== Supplied information

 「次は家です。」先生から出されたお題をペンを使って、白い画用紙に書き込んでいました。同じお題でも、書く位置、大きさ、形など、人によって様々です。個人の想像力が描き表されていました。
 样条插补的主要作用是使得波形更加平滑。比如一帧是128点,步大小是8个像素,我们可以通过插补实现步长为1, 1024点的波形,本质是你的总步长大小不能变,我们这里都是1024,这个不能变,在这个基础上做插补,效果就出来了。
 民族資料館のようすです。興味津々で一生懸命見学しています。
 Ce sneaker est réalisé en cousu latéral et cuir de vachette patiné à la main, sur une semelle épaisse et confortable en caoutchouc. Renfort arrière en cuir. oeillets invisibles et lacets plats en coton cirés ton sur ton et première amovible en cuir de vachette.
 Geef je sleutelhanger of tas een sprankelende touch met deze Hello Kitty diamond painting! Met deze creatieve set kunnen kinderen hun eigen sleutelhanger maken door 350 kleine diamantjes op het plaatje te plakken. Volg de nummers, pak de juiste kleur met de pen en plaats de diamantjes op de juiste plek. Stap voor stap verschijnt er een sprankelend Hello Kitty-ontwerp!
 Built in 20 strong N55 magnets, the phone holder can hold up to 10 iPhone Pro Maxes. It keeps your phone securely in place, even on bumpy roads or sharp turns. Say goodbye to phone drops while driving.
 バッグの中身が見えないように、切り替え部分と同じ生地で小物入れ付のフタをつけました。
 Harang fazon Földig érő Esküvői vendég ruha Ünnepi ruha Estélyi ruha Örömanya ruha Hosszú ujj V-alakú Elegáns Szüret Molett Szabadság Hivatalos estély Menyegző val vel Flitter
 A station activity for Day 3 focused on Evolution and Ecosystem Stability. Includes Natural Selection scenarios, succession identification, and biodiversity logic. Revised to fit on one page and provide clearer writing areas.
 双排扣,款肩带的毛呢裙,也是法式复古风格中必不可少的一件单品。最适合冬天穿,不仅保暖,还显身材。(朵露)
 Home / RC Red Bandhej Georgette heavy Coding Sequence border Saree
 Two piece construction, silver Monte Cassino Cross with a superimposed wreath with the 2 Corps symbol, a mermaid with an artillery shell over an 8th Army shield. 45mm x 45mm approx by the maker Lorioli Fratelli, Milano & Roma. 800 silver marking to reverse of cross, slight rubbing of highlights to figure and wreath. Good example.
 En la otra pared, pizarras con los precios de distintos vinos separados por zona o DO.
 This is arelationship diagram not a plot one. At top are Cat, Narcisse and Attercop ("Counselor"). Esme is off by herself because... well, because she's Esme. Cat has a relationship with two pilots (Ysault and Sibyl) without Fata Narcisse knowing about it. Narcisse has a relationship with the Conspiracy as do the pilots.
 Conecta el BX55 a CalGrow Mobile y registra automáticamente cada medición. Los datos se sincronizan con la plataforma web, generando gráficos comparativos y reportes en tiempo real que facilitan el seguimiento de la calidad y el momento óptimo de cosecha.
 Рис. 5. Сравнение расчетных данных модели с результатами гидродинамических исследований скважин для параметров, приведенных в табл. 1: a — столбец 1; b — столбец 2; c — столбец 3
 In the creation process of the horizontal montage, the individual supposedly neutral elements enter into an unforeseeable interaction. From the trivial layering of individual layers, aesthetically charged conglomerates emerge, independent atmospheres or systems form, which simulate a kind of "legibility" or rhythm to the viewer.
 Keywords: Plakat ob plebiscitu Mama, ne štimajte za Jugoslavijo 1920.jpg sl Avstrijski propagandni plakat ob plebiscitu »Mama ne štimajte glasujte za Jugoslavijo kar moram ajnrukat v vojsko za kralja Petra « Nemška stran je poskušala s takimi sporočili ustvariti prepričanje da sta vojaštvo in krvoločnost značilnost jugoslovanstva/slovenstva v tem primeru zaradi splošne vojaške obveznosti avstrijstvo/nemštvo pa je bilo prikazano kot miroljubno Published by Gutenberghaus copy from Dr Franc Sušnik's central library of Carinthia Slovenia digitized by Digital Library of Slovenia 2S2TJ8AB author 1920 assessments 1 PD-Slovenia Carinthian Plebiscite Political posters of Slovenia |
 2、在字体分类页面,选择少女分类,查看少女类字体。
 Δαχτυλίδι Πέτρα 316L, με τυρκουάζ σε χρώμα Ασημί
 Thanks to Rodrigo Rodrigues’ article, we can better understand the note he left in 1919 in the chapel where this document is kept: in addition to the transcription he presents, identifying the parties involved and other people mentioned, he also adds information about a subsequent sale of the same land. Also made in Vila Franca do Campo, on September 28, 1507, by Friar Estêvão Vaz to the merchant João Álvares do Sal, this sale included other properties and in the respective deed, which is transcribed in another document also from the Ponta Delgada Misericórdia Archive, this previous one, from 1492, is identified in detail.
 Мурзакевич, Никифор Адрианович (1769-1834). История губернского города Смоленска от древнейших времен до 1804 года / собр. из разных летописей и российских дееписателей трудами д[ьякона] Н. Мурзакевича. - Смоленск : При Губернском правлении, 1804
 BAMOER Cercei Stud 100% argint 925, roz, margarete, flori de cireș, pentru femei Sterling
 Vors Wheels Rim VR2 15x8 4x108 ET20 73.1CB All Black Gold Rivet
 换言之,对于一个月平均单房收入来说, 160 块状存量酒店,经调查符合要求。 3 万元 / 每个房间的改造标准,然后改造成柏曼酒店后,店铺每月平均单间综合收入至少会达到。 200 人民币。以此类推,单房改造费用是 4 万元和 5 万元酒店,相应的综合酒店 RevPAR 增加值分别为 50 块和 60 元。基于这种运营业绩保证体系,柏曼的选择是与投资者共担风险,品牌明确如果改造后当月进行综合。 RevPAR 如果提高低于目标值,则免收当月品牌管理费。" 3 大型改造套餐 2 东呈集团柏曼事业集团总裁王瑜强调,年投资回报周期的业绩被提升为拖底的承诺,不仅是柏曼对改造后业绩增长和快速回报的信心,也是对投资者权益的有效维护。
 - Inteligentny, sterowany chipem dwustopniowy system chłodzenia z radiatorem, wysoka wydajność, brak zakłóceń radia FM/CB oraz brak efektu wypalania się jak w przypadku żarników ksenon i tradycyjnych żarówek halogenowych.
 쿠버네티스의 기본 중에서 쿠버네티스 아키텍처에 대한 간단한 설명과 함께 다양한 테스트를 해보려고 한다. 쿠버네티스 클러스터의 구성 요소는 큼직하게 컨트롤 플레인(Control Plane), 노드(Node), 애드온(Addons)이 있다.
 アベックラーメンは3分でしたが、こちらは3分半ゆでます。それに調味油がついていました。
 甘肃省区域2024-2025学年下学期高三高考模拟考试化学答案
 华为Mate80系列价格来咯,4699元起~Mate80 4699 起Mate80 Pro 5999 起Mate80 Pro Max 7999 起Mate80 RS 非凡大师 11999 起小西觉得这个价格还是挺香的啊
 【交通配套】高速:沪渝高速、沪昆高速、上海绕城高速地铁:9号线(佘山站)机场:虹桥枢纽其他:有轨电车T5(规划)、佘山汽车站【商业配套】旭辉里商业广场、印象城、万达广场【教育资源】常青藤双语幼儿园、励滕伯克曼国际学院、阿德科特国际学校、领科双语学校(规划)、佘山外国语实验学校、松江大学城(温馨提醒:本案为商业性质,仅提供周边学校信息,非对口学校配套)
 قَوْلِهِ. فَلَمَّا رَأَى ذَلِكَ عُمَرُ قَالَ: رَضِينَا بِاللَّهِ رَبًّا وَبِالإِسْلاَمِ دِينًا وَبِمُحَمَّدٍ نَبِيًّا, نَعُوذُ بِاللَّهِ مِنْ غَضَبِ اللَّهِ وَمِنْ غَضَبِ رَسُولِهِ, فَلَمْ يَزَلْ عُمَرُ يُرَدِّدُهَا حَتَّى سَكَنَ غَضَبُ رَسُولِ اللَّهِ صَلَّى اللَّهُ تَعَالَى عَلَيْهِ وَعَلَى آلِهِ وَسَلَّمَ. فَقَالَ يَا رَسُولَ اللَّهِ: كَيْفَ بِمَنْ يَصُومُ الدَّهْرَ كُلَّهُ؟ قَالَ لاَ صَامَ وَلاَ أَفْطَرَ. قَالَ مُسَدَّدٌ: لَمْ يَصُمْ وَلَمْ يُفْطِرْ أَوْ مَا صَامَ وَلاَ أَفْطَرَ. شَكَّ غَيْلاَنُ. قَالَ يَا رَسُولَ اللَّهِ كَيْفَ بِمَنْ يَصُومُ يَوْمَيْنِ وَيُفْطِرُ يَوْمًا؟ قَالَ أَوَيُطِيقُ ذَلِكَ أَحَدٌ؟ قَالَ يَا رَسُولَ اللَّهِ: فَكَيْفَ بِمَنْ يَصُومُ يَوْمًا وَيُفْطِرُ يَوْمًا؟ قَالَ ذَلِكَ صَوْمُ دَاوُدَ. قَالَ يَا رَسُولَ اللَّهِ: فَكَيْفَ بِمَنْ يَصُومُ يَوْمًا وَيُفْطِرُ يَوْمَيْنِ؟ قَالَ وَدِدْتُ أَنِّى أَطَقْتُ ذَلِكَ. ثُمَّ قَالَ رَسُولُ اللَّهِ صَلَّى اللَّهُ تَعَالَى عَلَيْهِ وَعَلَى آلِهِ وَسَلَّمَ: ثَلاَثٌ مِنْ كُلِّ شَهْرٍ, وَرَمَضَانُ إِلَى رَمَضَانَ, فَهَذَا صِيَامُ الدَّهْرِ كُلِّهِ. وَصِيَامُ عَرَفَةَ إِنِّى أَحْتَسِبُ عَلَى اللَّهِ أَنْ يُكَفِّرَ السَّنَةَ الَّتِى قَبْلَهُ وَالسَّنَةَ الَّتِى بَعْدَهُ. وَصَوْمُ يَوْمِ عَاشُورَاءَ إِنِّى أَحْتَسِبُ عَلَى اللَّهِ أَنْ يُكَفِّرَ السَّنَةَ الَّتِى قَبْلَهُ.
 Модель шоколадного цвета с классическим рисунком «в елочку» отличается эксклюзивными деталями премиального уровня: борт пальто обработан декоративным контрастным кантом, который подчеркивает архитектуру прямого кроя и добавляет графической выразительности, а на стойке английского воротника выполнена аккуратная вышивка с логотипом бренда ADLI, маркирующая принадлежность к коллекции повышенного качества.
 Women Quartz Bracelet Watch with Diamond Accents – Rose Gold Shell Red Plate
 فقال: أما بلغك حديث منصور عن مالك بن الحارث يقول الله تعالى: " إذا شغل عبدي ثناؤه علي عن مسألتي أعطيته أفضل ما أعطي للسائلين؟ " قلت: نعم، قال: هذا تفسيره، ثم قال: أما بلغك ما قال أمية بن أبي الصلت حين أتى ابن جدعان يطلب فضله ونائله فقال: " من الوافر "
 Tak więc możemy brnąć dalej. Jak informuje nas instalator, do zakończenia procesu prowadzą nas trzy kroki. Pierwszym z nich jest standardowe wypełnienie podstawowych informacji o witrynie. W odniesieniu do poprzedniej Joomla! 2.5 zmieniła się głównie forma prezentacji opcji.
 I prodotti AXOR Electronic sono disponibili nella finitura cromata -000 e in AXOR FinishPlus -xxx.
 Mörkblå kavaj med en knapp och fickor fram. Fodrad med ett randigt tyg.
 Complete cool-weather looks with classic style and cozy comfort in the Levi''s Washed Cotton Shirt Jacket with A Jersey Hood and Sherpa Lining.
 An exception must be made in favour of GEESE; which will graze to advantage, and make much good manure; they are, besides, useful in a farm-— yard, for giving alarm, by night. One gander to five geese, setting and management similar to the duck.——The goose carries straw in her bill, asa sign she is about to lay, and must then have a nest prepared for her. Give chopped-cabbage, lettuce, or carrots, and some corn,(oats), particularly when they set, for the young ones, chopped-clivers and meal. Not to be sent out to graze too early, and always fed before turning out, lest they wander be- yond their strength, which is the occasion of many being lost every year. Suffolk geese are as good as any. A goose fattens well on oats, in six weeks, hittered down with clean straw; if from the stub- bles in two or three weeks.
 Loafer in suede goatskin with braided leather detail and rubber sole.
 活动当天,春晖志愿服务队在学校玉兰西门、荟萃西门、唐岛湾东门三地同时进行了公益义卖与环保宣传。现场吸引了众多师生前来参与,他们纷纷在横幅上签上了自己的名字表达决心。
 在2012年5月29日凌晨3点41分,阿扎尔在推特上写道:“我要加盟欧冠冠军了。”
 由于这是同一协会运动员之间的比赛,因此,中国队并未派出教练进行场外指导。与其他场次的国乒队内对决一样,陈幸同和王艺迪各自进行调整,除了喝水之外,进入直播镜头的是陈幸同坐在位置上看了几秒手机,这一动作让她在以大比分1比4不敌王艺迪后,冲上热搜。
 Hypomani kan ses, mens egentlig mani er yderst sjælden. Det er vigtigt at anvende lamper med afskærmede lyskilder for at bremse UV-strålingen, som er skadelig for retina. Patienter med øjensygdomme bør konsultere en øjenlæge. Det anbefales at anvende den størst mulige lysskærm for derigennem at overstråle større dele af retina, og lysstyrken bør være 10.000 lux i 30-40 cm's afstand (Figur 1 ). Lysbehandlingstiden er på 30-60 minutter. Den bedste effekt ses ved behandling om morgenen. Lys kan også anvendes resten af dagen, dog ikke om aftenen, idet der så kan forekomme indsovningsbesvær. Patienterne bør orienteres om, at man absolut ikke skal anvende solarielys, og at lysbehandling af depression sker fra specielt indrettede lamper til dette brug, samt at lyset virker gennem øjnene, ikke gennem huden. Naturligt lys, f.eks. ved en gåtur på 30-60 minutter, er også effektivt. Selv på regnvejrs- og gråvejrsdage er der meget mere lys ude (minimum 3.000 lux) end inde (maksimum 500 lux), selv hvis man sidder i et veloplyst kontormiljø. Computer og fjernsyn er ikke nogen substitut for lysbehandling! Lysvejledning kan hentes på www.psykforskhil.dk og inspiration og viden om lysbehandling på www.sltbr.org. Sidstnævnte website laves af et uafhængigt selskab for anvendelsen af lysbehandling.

====

# [Aim of the task]
Search the data for "Gold". Copy each line that has it.

# [Written solution]
 Vors Wheels Rim VR2 15x8 4x108 ET20 73.1CB All Black Gold Rivet
 Women Quartz Bracelet Watch with Diamond Accents – Rose Gold Shell Red Plate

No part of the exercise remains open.